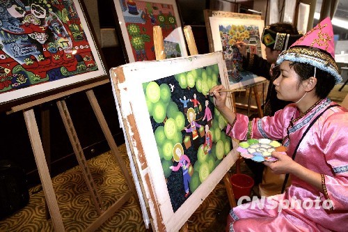 2月4日,广东龙门县推介会在香港万丽海景酒店举行,推介会以开放的形式进行,现场设有“龙门旅游一条街”、龙门农民画廊、土特产展示等,多角度展现龙门改革开放成就。图为龙门农民画家现场绘画。中新社发 张勤 摄
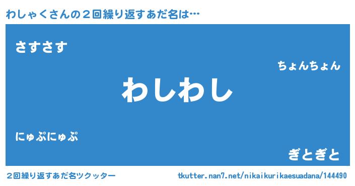 | 意味不明あだ名 | 『ペロリンわしゃく』『永久保存わしゃく』 |
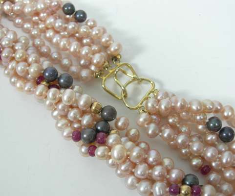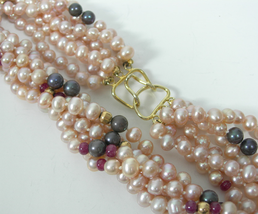 composed of six rows of off-round pink cultured pearls, set at intervals with grey pearls, cushion cut ruby beads and small gold coloured beads, with hooped fastening
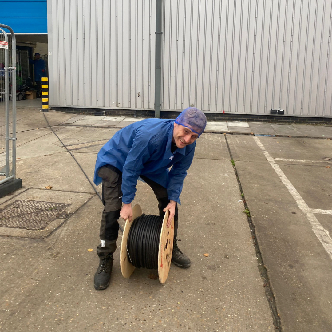 electrican with roll of wiring
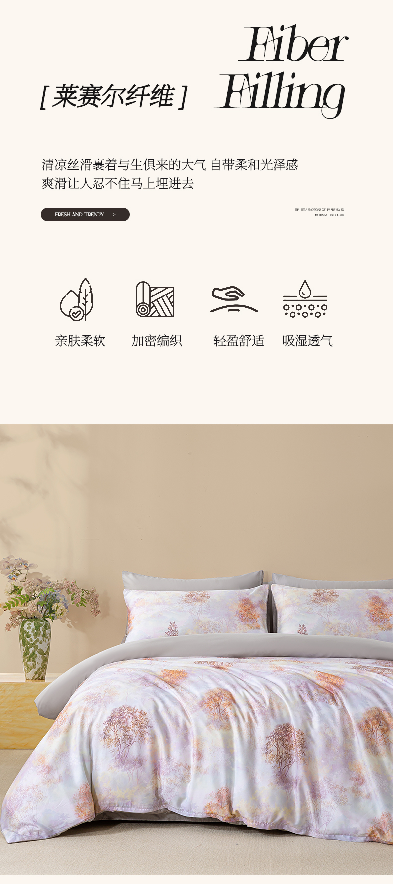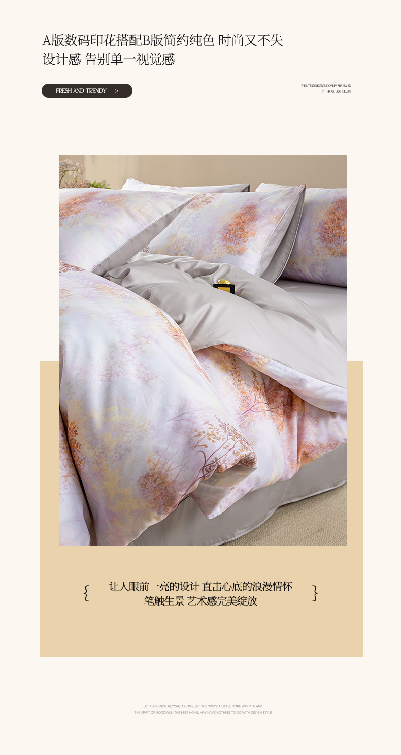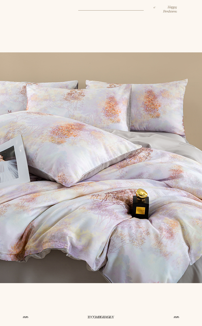 麦田家纺 2025新款50S莱赛尔天丝印花四件套 幸福里
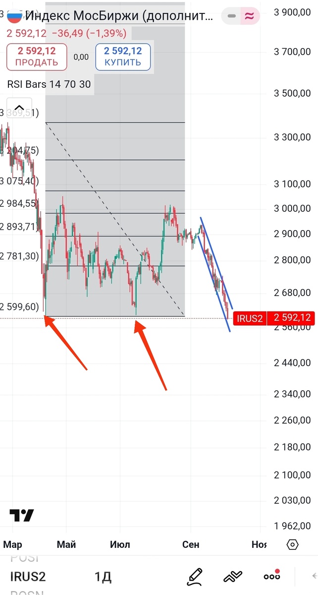 ➡️Мы находимся в медвежьем тренде. Ближайшая поддержка 2600, 2520. А далее локальный минимум на 2370. Туда нацелены наши акции сейчас. Я, естественно, хрустальным шаром провидения не обладаю. Но по моим ощущениям, движение вниз продолжится, с естественными техническими отскоками.
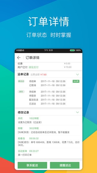 比邻鲜接入了达达、闪送等同城配送平台,需要3公里或者同城配送?在比邻鲜上直接呼叫配送,跟踪配送单状态,自动结算!
---------------
Skip the pictures and retype exactly the lines from the one that contains "естественными техническими отскоками." to the last line of the records.

Solved problem
 ➡️Мы находимся в медвежьем тренде. Ближайшая поддержка 2600, 2520. А далее локальный минимум на 2370. Туда нацелены наши акции сейчас. Я, естественно, хрустальным шаром провидения не обладаю. Но по моим ощущениям, движение вниз продолжится, с естественными техническими отскоками.
 比邻鲜接入了达达、闪送等同城配送平台,需要3公里或者同城配送?在比邻鲜上直接呼叫配送,跟踪配送单状态,自动结算!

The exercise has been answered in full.